Wow. Thank you, too, for sharing your story.
This is a beautiful tribute to your dad. Keep looking for the light.
What a beautiful, amazing story, Susie. You took us on your journey. It brought tears to my eyes. You have many gifts and talents, and one of them truly, is writing! Your parents raised you well, and yes, are always with you! God bless!
Beautifully written. Thank you for sharing this story!
Beautiful ❤️ Susie !!! Thank you for sharing 💕
Susie – To say you are an amazingly incredible lady is such an understatement! You are a true inspiration…in both your good times and bad. You are 1 in 7.7 billion (yep…I just looked it up and that’s what Dr. Google says is the current number of people on Earth). I thank God for you!
To all who are reading this – Susie is the real deal! She is one of the very best humans I have ever known. The world is better because she is in it.
Always reach for adventure and live your gift!
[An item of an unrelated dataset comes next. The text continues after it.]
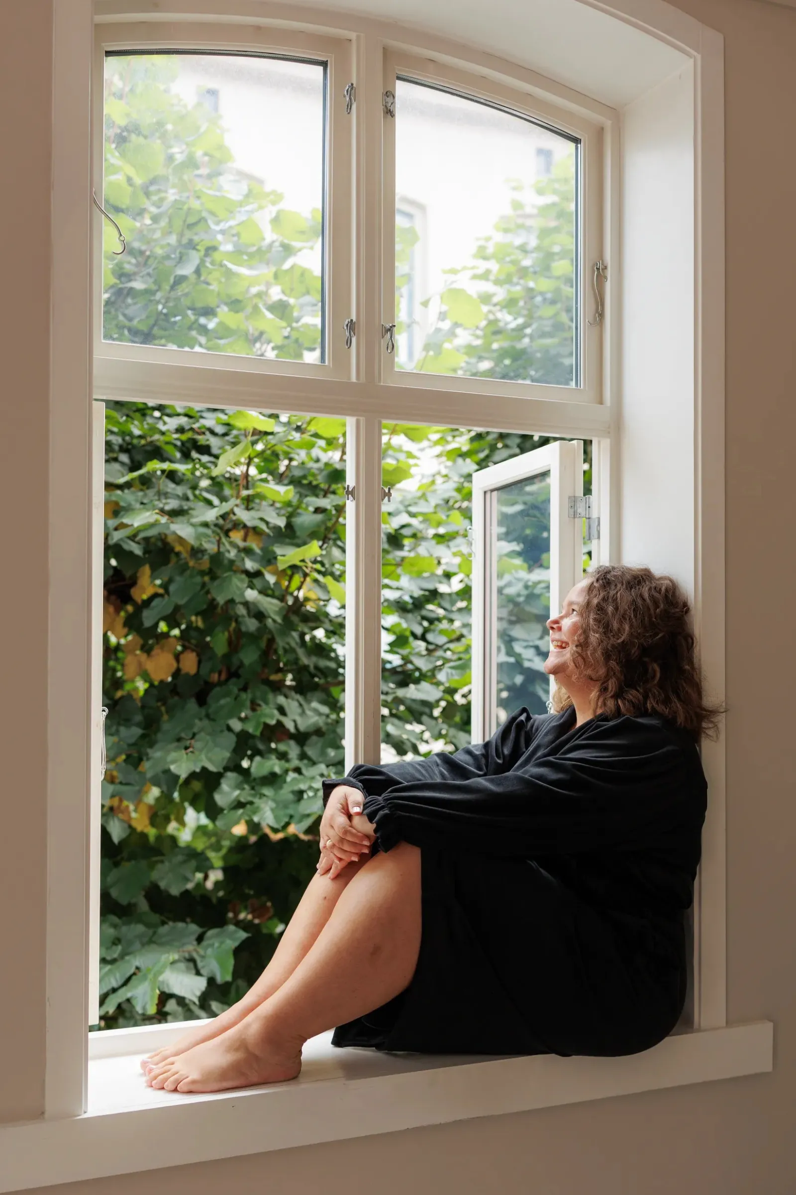 Det er belte i midjen og den har godelommer. Lengden er perfekt for at du kan bevege deg rundt på morgenen uten å være redd for at noen skal se deg.

Susie, I love you. I love how you see all the hard and the yuck and you choose joy in it all. Your precious parents have passed on a great legacy and you are spreading that fire to your boys. Thank you for walking the undesirable difficult path with me and seeing the beauty in it. You are a gift to so many people!♥️
Hey Susie and Cami! I’m finally here, reading, and it’s looking to be a long night for me (0115 CST). I don’t get a lot of quiet time and I’m embracing the peace of a sleeping house! Sus- I remember this time in your life…feeling completely helpless in supporting you through your dad’s death. We’re now coming up on the first anniversary of my dad’s death, and your mom’s, as well. While I didn’t share the same kind of relationship with my dad, his absence affects me greatly, and I delighted in reading about the impact your dad’s presence has continued to have on your life. I am proud to have witnessed your #quietbadassery as you’ve continued to make your parents proud. Sending love and light your way, friend!